Question

The wire $\text{PQ}$ has mass $0.5\text{kg}$ and resistance $2\Omega$, can slide on the smooth, very long horizontal parallel rails separated by a distance of $1\text{m}$. The resistance of the rails is negligible. A uniform magnetic field of magnitude $0.6\text{T}$ exists in the rectangular region, and a resistance of $3\Omega$ connects the rails outside the field region.

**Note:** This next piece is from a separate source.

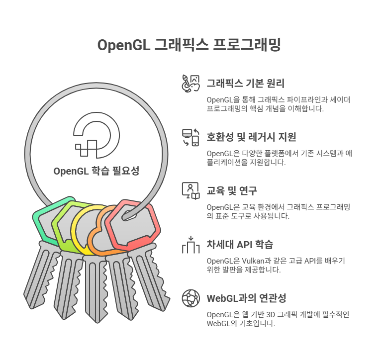 자, 이제 가장 중요한 질문이 남았죠. "최신 기술도 많은데, 굳이 OpenGL을 지금 배워야 할 이유가 있을까요?" 네, 그럼에도 불구하고 OpenGL을 배우는 것은 여러 가지 면에서 큰 의미가 있습니다. 특히 저처럼 그래픽스의 원리가 궁금했던 분들에게는 더욱 그렇죠!

At $t=0$, the wire $\text{PQ}$ is pushed towards the right with a speed $v=5\text{m/s}$. Find the maximum distance the wire will move.

• A. $17.5\text{m}$
• B. $24.4\text{m}$
• C. $30.5\text{m}$
• D. $34.7\text{m}$

Answer 1

The correct option is D $34.7\text{m}$

Emf induced across the wire $\text{PQ}$ is,

$E=Bvl=0.6\times v\times 1=0.6v$

$\therefore$ Current flowing in the circuit is,

$i=\frac{Bvl}{R+r}=\frac{0.6v}{5}=0.12v$

So, the force acting on the wire due to magnetic field is,

$F_B=ilB=0.12v\times 1\times 0.6=0.072v$

$\therefore$ Acceleration of the wire is,

$a=\frac{-F_B}{m}=-\frac{0.072v}{0.5}=-0.144v$

$a$ is negative because velocity of wire is decreasing.


We know that,

$a=v\frac{dv}{dx}$, where $x$ is the displacement of the wire.

$\therefore v\frac{dv}{dx}=-0.144v$

$\Rightarrow dv=-0.144dx$

Integrating both sides,

${\int }_5^{0}dv=-{\int }_0^{x}0.144dx$

$\Rightarrow [0-5]=-0.144x$

$\therefore x=34.7\text{m}$

Hence, $\left(D\right)$ is the correct answer.